As Demand for Oil Falters, Can Schlumberger's Good Results Last?
Schlumberger Ltd. (NYSE: SLB) reported second-quarter 2019 results before markets opened on Friday. The oil field services firm posted adjusted diluted quarterly earnings per share (EPS) of $0.35 on revenues of $8.27 billion. In the same period a year ago, Schlumberger reported adjusted EPS of $0.43 and revenues of $8.3 billion. Second-quarter results also compare to the consensus estimates for EPS of $0.35 on revenues of $8.11 billion.
Adjusted pretax net income in the quarter totaled $492 million, down from $594 million in the same period a year ago. An after-tax adjustment of $164 million for workforce reductions added $0.12 to second-quarter 2018 EPS.
At the end of the second quarter, Schlumberger’s backlog totaled $2.17 billion in its OneSubsea segment and $541 million in the drilling systems segment. This represents an increase of about $260 million in backlog compared to the end of the previous quarter.
Chair and CEO Paal Kibsgaard, who is retiring at the end of this month, commented:
[W]e expect oil market sentiments to remain balanced.
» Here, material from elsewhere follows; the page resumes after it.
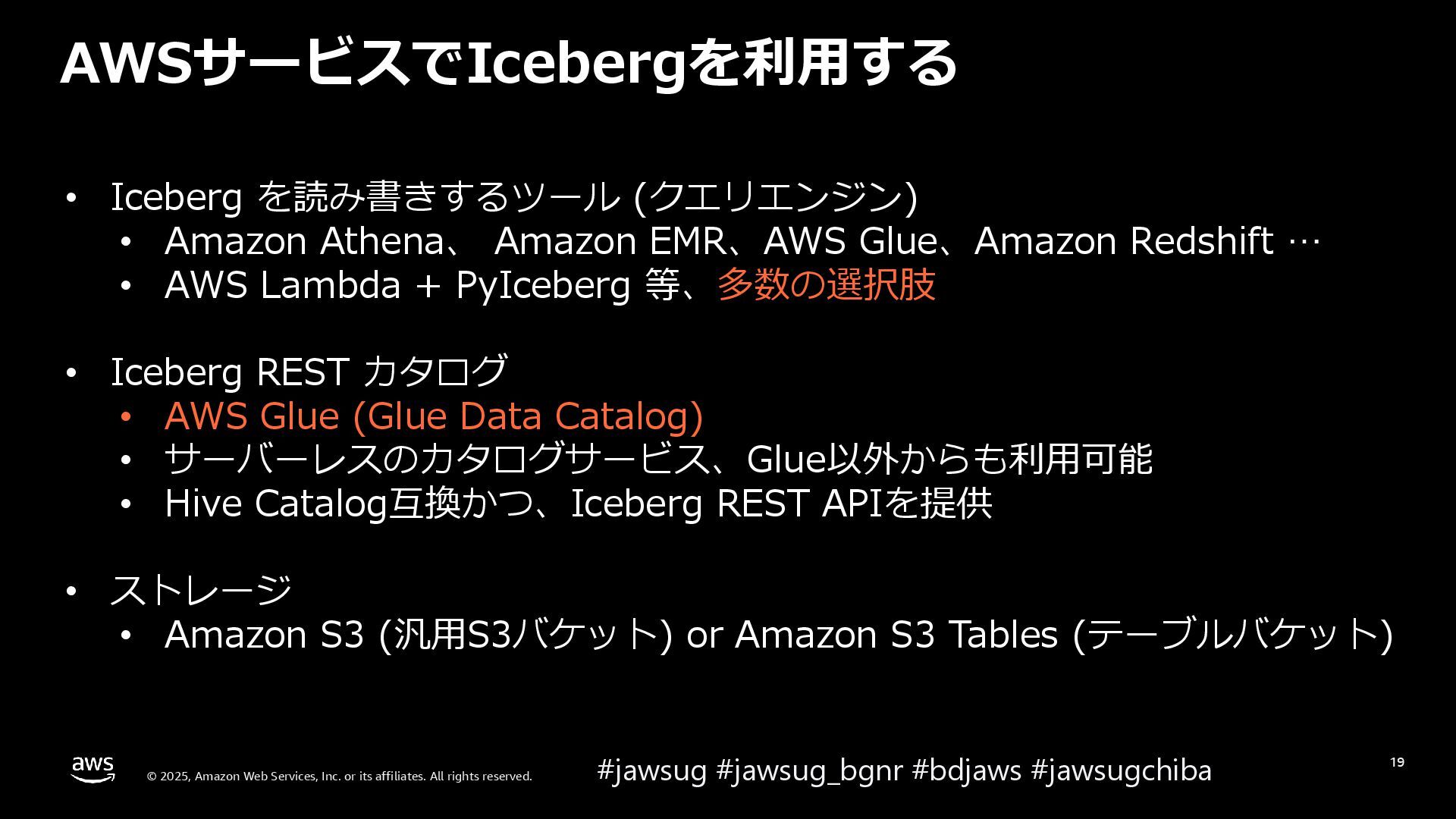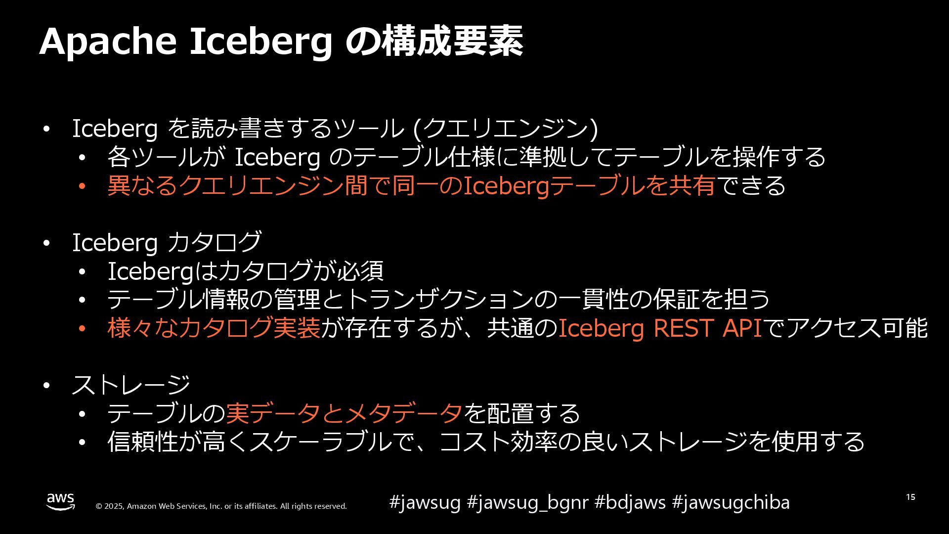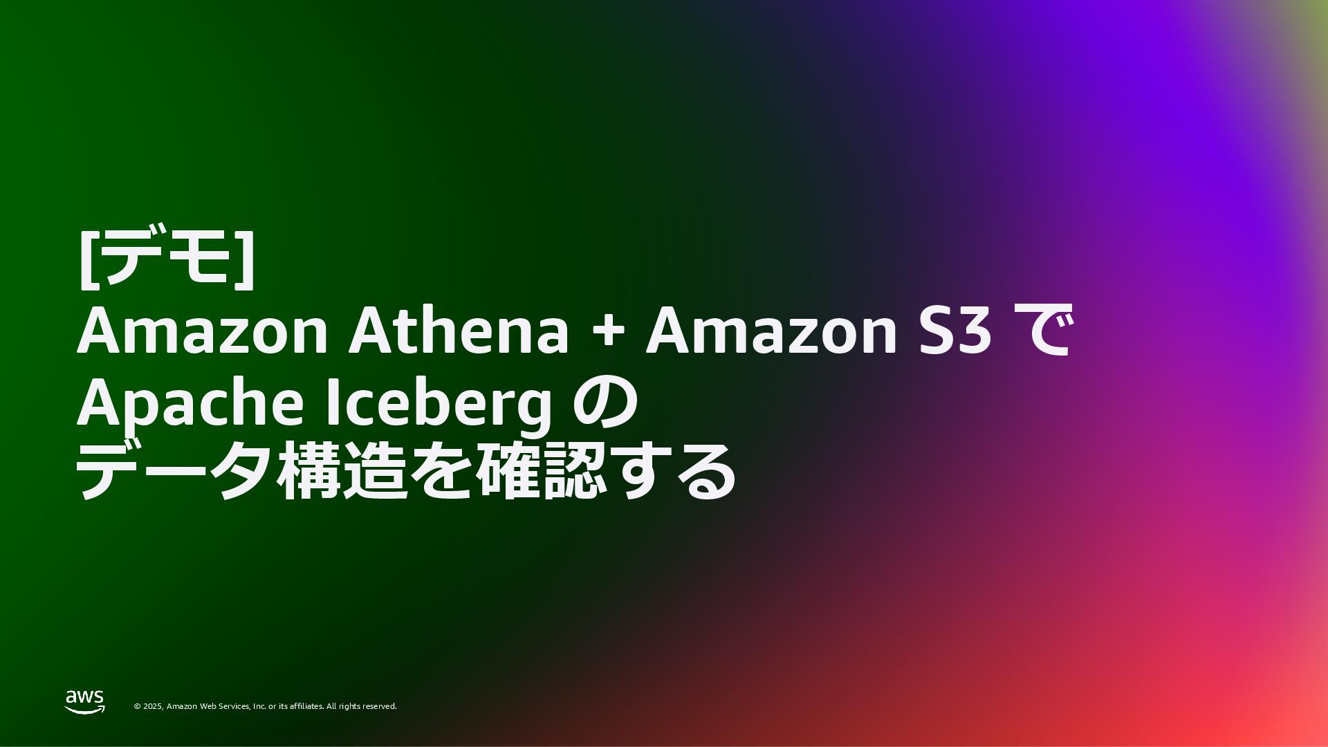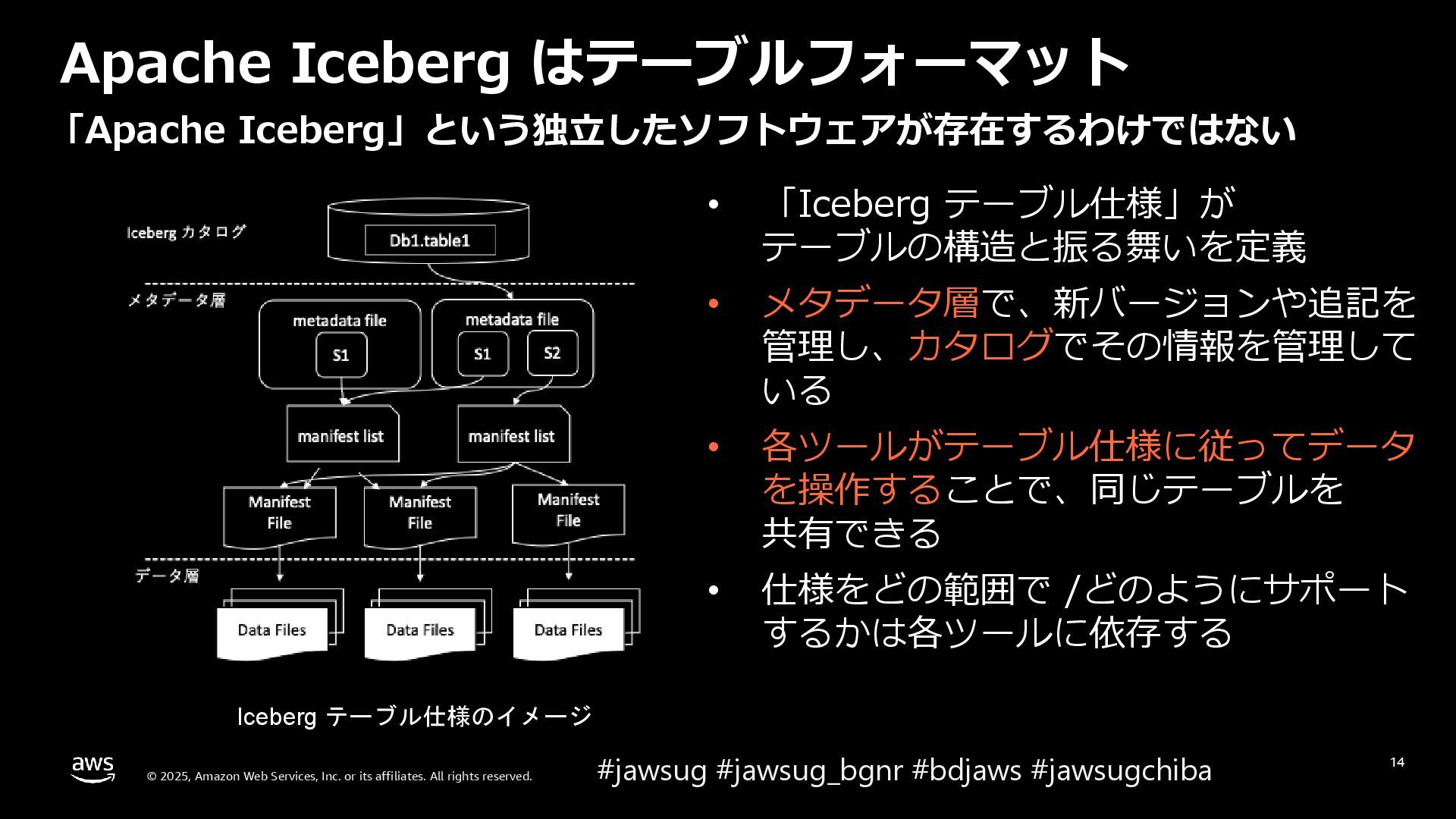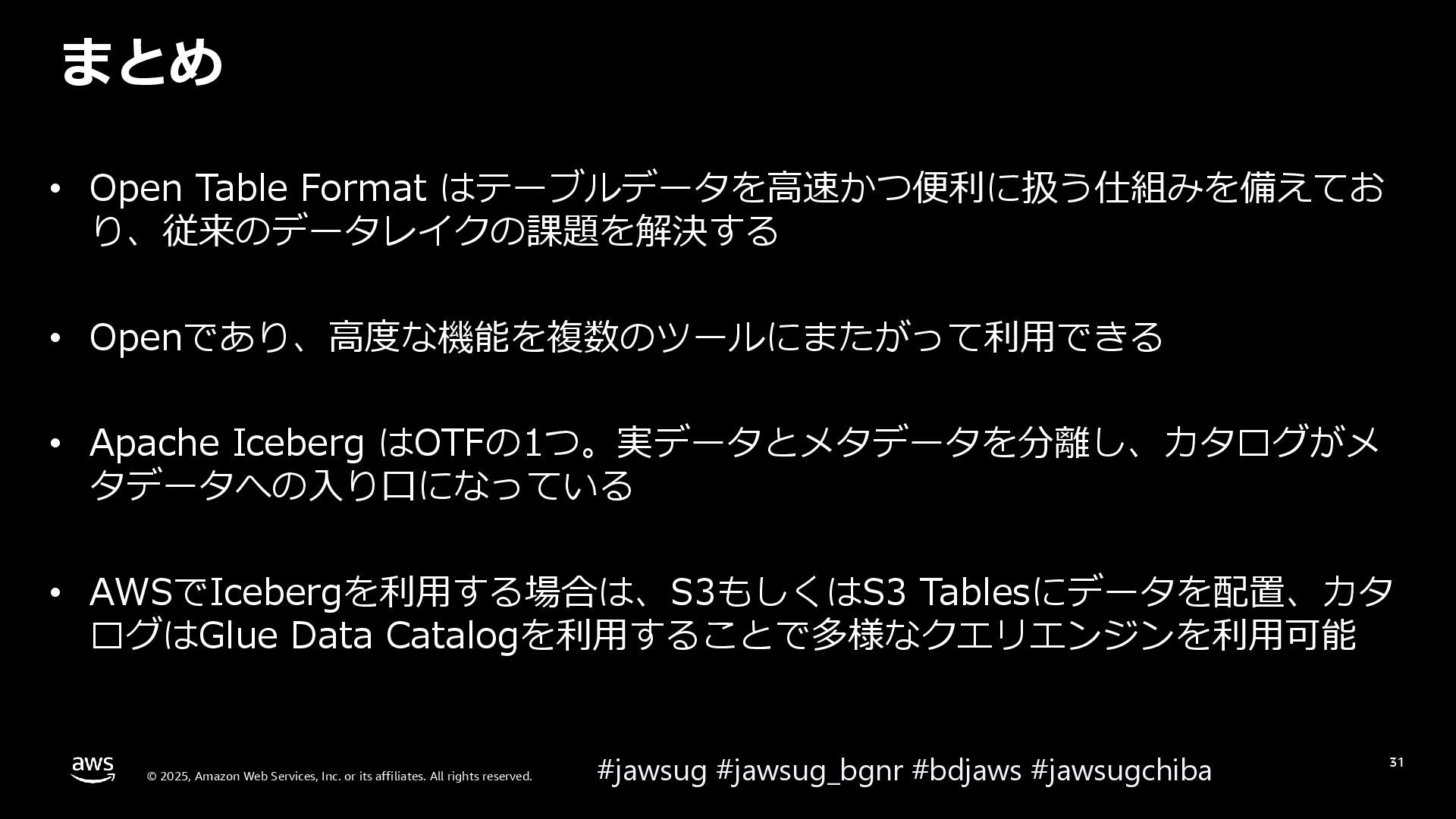 2025年10月28日開催、JAWS-UG初心者支部 / BigData支部 / 千葉支部 合同の「Apache Iceberg勉強会」での発表資料です。

The oil demand forecast for 2019 has been reduced slightly on trade war fears and current global geopolitical tensions, but we do not anticipate a change in the structural demand outlook for the mid-term. On the supply side, we continue to see US shale oil as the only near- to medium-term source of global production growth, albeit at a slowing growth rate, as E&P operators continue to transition from an emphasis on growth to a focus on cash and returns, with consequent restraining effects on investment levels. These effects, combined with the decision by OPEC and Russia to extend production cuts through the first quarter of 2020, are likely to keep oil prices range bound around present levels. Although the markets are well supplied from production added by projects that were sanctioned before 2015, this added supply will begin to fall in 2020 and create risk for the future as the decline rates in many mature production basins become an increasingly significant challenge.
Kibsgaard’s replacement as CEO is 32-year company veteran and current Chief Operating Officer Olivier Le Peuch, who will take over on August 1. The new non-executive chair of the board will be Mark G. Papa, former Chair and CEO of EOG Resources, who joined the Schlumberger board last October.
As if to underscore Kibsgaard’s remarks, Reuters reported Thursday that the International Energy Agency (IEA) is cutting its demand growth forecast from 1.2 million barrels a day to 1.1 million. Since the IEA’s first estimate of demand growth of 1.5 million barrels a day for this year the agency has lopped off 400,000 daily barrels.
Kibsgaard also noted that he expects international exploration and production growth of 7% to 8% year over year in 2019 on rising international rig count. North American spending on land-based projects is on track to drop by 10% this year.
Schlumberger said it expects to spend approximately $1.5 billion to $1.7 billion on capital investment, down from $2.2 billion in capex last year. The company offered no further guidance in its press release, but consensus estimates call for third-quarter EPS of $0.41 and revenues of $8.49 billion. For the full year, EPS is forecast at $1.53 on revenues of $33.24 billion.
Shares traded up about 1.3% in Friday’s premarket at $39.28. The stock’s 52-week range is $34.46 to $68.53. The 12-month consensus price target was $50.27 before results were announced. Schlumberger’s shares have dropped more than 40% in the past 12 months.